# [Exercise]
Reproduce the records below exactly; no pictures.

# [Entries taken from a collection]
⁂
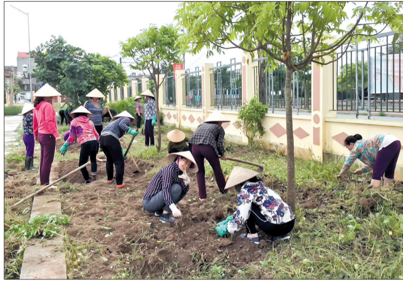
Phụ nữ xã Vũ Hòa (Kiến Xương) thực hiện tốt cuộc vận động "5 không, 3 sạch".

Thực hiện Chỉ thị số 05 của Bộ Chính trị về đẩy mạnh học tập và làm theo tư tưởng, đạo đức, phong cách Hồ Chí Minh, Đảng bộ huyện Kiến Xương đã triển khai đồng bộ nhiều giải pháp, vận dụng phù hợp với tình hình thực tiễn, tạo sức lan tỏa đến từng cán bộ, đảng viên và các tầng lớp nhân dân.
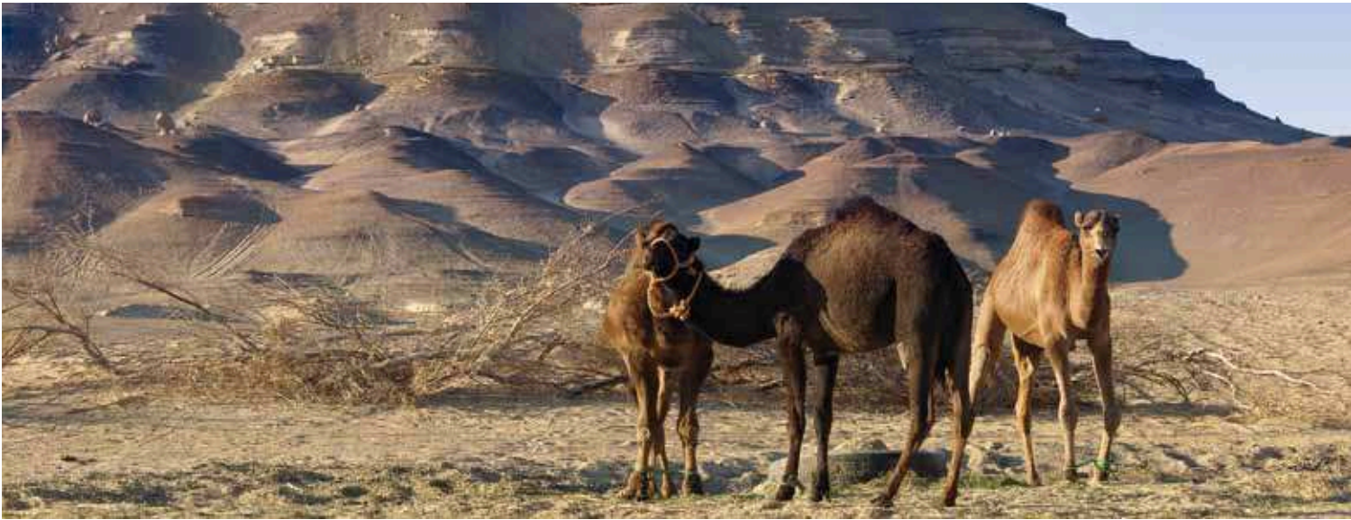
Umgebung der Bahareya-Oase

8: Kairo-Sharm el-Sheikh-Schweiz Frühstück im Hotel. Transfer zum Flughafen von Kairo und Rückflug via Sharm el-Sheikh in die Schweiz oder Fortsetzung Ihres Ägypten-Aufenthaltes.
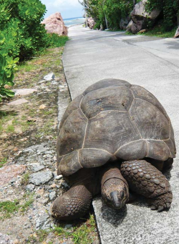
ŽELVA OBROVSKÁ CHVÍLI PO BLOKÁDĚ SILNICE
⁂
# [Solution below]
Phụ nữ xã Vũ Hòa (Kiến Xương) thực hiện tốt cuộc vận động "5 không, 3 sạch".

Thực hiện Chỉ thị số 05 của Bộ Chính trị về đẩy mạnh học tập và làm theo tư tưởng, đạo đức, phong cách Hồ Chí Minh, Đảng bộ huyện Kiến Xương đã triển khai đồng bộ nhiều giải pháp, vận dụng phù hợp với tình hình thực tiễn, tạo sức lan tỏa đến từng cán bộ, đảng viên và các tầng lớp nhân dân.
Umgebung der Bahareya-Oase

8: Kairo-Sharm el-Sheikh-Schweiz Frühstück im Hotel. Transfer zum Flughafen von Kairo und Rückflug via Sharm el-Sheikh in die Schweiz oder Fortsetzung Ihres Ägypten-Aufenthaltes.
ŽELVA OBROVSKÁ CHVÍLI PO BLOKÁDĚ SILNICE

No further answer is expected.